Welcome to Chehalem Prairie Farm! We’re glad you’re here!
Today was pruning day. This is the first year that I haven’t done major renovations on the plum tree. The pear tree also got a light pruning as well as the young fruit trees. The grapes got the usual treatment.
After a record-breaking hot and dry summer, this winter has been really wet. We had a week or so below freezing between Christmas and New Year, so hopefully that was sufficient for the plants that need it. Otherwise, temperatures have been pretty normal. January has been pretty mild.
Heather moved the herbs from row 1 of the garden to the south side of the house.
Good news from the beehive: so far, the bees have survived the winter! On warm sunny days such as today, they venture out of the hive.
I finally got around to addressing the coolant leak in the tractor last week. I decided to try the easy option first and pour a bottle of Bar’s head gasket sealant into the radiator. I’ve cycled the tractor through warm-up/cool down a few times, and the amount of steam coming out of the exhaust seems to be diminishing. I also changed out the milky engine oil. If this fix doesn’t work, I’ll have to take the engine apart and install a new head gasket.
Life is filled with the opportunity to make decisions. And it’s not my job to judge you based on the decisions you choose to make.
Howeverrrrrr, if you move to a new home and you decide to chop down a productive fruit tree because it’s inconvenient/too much work/in the way, then you have some of the key traits of a mentally unbalanced puppy-kicker. And I suggest you revaluate your decision to remove the tree.
Fruit trees take many years to become fully productive. When mature, they produce an abundance of food–usually more than one family can eat + process alone. Trees produce oxygen, they stabilize the soil, hold moisture, and provide shade and shelter. Trees are our ticket out of global warming (if you’re into that). Fruit trees are a gift to the future from the past.
So why on God’s green earth would someone chop down a productive fruit tree?
I sprayed copper fungicide on the peach, nectarine, and peach-plum trees a couple weeks ago and again today. I’m hoping it prevents peach leaf curl. This year, those trees all had to grow a second set of leaves after the first set curled up and died off.
I pruned the grapevines, plum tree, and pear tree. I think the grapevines are starting to look more like they should.
I pruned the pear tree lightly, after a heavy pruning last year that resulted in not much fruit.
I pruned the plum tree heavily this year, trying to open the canopy so lower branches will grow and bringing down the overall height of the tree. We’ll see what happens this year, but last year we had more plums than we could handle.

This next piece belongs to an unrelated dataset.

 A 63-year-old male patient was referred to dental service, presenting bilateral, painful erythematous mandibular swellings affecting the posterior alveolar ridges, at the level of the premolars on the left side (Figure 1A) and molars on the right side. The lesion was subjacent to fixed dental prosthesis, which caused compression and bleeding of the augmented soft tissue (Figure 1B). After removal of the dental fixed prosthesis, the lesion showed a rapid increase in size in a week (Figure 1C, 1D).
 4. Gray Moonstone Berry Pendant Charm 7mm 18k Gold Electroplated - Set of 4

Today was also shearing day for the three wool sheep. We had them fast from food and water for about 18 hours before shearing. The shearer said it might be better for these sheep to be sheared twice a year to avoid felting. He also said their hooves are looking good and dont need trimming, and they’re not too fat or skinny, but to not reduce their feed. Shearing cost $100 for the three sheep. The sheep look kinda funny now… and not nearly so big and imposing.

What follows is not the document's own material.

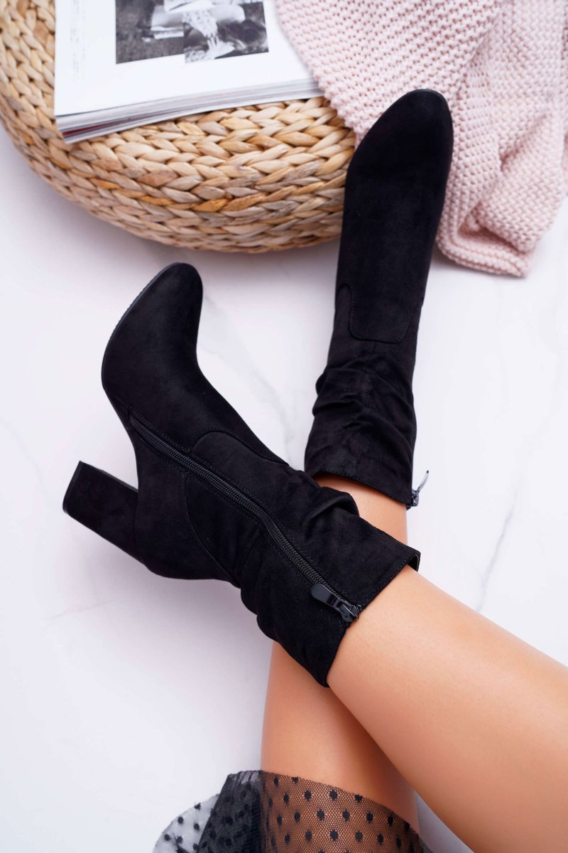 Botki Damskie Na Słupku Zamsz Czarne S.Barski 36-14

A few months ago, we got to use a hydraulic log splitter to split a bunch of wood we had gotten from arborists. Today, we stacked it along the west side of the barn, probably about 1.5 cords. We don’t have a woodstove, though.
We also reapplied wood chips around the young fruit trees after adding some landscaping fabric.
The sheep have mowed the entire pasture down to stubble, due to our not implementing paddocks. Heather has installed some temporary fencing allowing them to graze the area north of the barn.
We haven’t gotten any chicken eggs for months. But they don’t have a proper chicken coop in which to lay eggs, nor are we giving them any feed beyond table scraps and what they find in the pasture.
Something happened to the carburetor on the John Deere mower and it will barely idle at full throttle. I fiddled with it a bit, then ordered a new carburetor. At about $15 to buy new, they’re hardly worth trying to troubleshoot.
The Case tractor has a rear left tire that loses air over the course of about a week. I need to see if I can remove the wheel so I can take it to a tire store for repair. Otherwise, it’s probably about $100 for a field service call.
We’re still getting some kale from the garden, but the chickens have been escaping the pasture now that we extended it for the sheep, so the kale isn’t going to last much longer.